I truly had no idea how much energy and effort it would take. This was not the life I had always envisioned for myself. My plan was to work until an acceptable retirement age, then travel, spend time with our kids and grandkids, troll around town in matching track suits with my husband and enjoy the typical life of a retiree. Now, I must accept that I will likely be forced to retire before my 50th birthday and also accept the real possibility that I will need to be in a managed care facility long before a “normal” person. However, I have changed my legacy into something I am exceedingly proud to have been a part of. My life will never be the “same as it ever was”, as the song goes.
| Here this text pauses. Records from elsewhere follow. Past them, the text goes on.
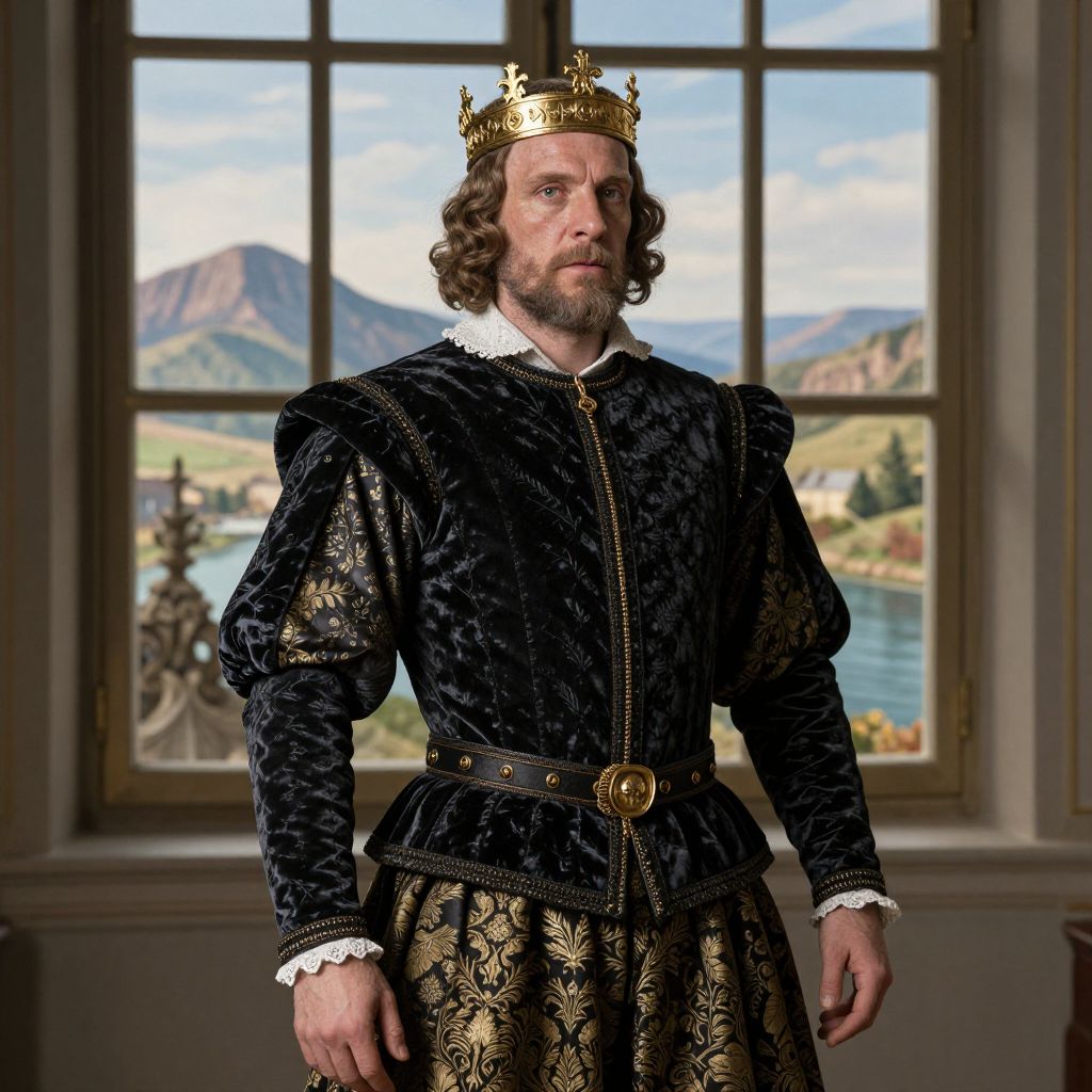 Photographic-style digital artwork of a middle-aged white man with curly brown hair and a beard, wearing a gold crown and an ornate black velvet gown with white lace cuffs and collar, belted at the waist. His expression is serious, and he stands in front of a large window with a scenic view of mountains, a lake, and greenery. The gown features intricate gold embroidery, and the background includes a blurred medieval-style castle. The image has a realistic, slightly dramatic lighting effect, emphasizing the historical and regal theme.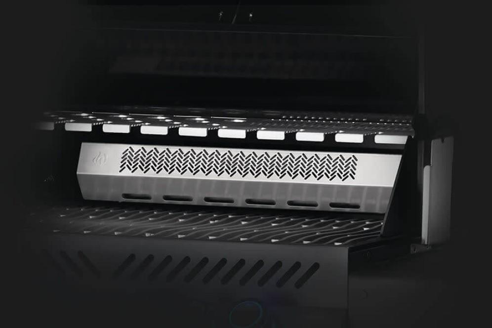 Deep, dark, matte black, the Phantom Prestige 500 Natural Gas Grill with Infrared Side and Rear Burners is the total grilling package. From the top of the lid to the locking casters, this gas barbecue is completely silky matte black. Edgy and attractive, the Phantom has the full capabilities of an outdoor kitchen. Upgraded iconic WAVE cast stainless steel cooking grids and a multifunctional grilling rack - ideal for entertaining and incredible appetizers - round out the already incredible features of a Prestige 500 Gas Grill. Four main burners, a rear burner, and infrared sear station, this grill cooks meals using a plethora of unique grilling styles. Stainless steel sear plates provide extra surface area for drippings to vaporize, keeping this luxurious grill clean, avoiding flare-ups. The matte black knobs are backlit with the SafetyGlow feature filling the night with blue light that turns red when the burners are on. The Phantom Prestige 500 Gas Grill is more than just a look. It's a lifestyle.
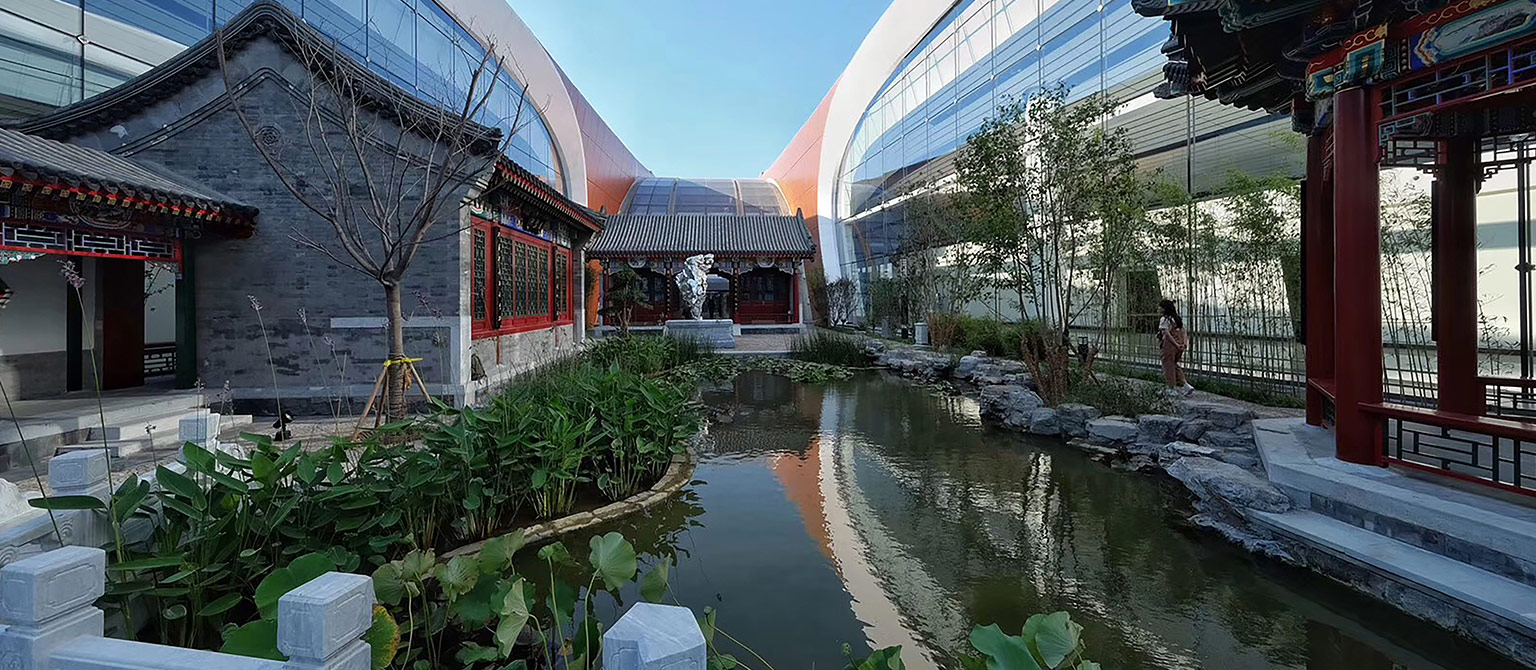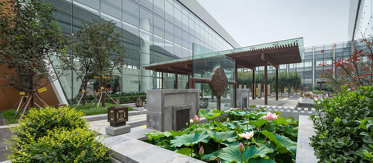 北京新机场指廊庭院分别位于航站楼五个指廊末端,面积各约2,000平米,为航站楼提供户外休憩及吸烟区。庭院景观设计以中国丝绸之路文化理念为基础,选取特色文化符号丝、茶、田、瓷文化主题赋予国内区4个庭院具有个性的现代手法表达;国际区指廊庭院定义为中国园,是向世界窗口输出的中国传统园林的形式。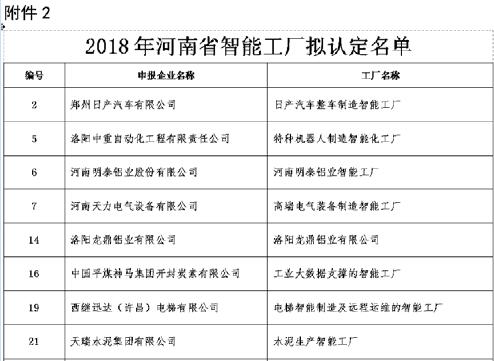 10月8日,河南省工業和信息化委員會官網發出“2018年河南省智能車間智能工廠擬認定名單公示”,西繼迅達電梯榜上有名,被認定為河南省智能工廠。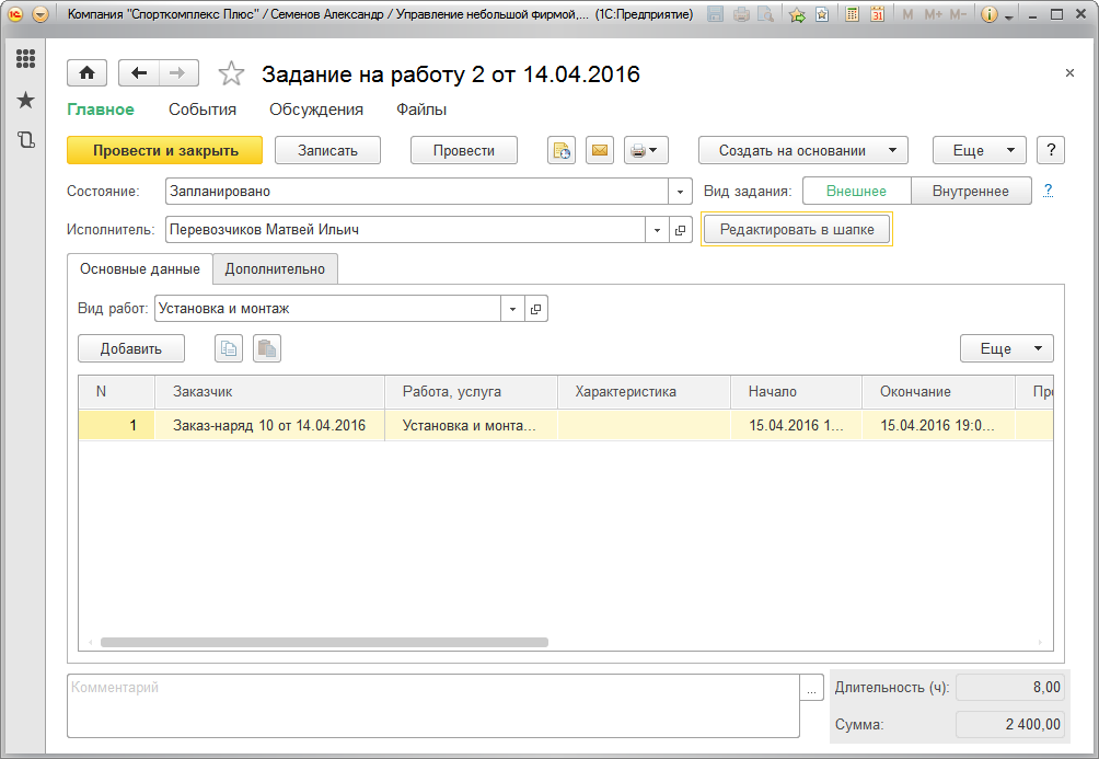 Итак, заказ наряд прошел предварительную обработку и отправился на исполнение. Необходимо выдать задание исполнителям. Введем документ "Задание на работу" (Рис. 72).

My hopes for HODA are to provide community and hope to this small group of people, who are separated by mountains, oceans and borders, but are united in the cause of fighting for answers. We are small, but we are mighty. I believe that HODA will continue far past my tenure as president. I have had the privilege of meeting so many rare allies and partners. I believe that these united communities can truly turn the tide for all rare communities. I know that the work we put in today will pay off tenfold in the future for all rare disease communities.
I am optimistic that we can improve the current state of our healthcare. A person diagnosed with HOD today has far more information available to them than those of us who received the diagnosis in the past, and that is exciting.
About the author: Christina Coates is the founding member and president of the Hypertrophic Olivary Degeneration Association. She works for a heavy equipment company full time as a senior credit account manager while spending her free time working for the patient organisation. She volunteers with the Arizona chapter of the Alliance to Cure Cavernous Malformation. She enjoys reading and learning about neurology in her free time. She enjoys travelling and exploring as her symptoms permit. Her favourite destinations include oceans, as the feel of the sand beneath her feet is one of her favourite sensations.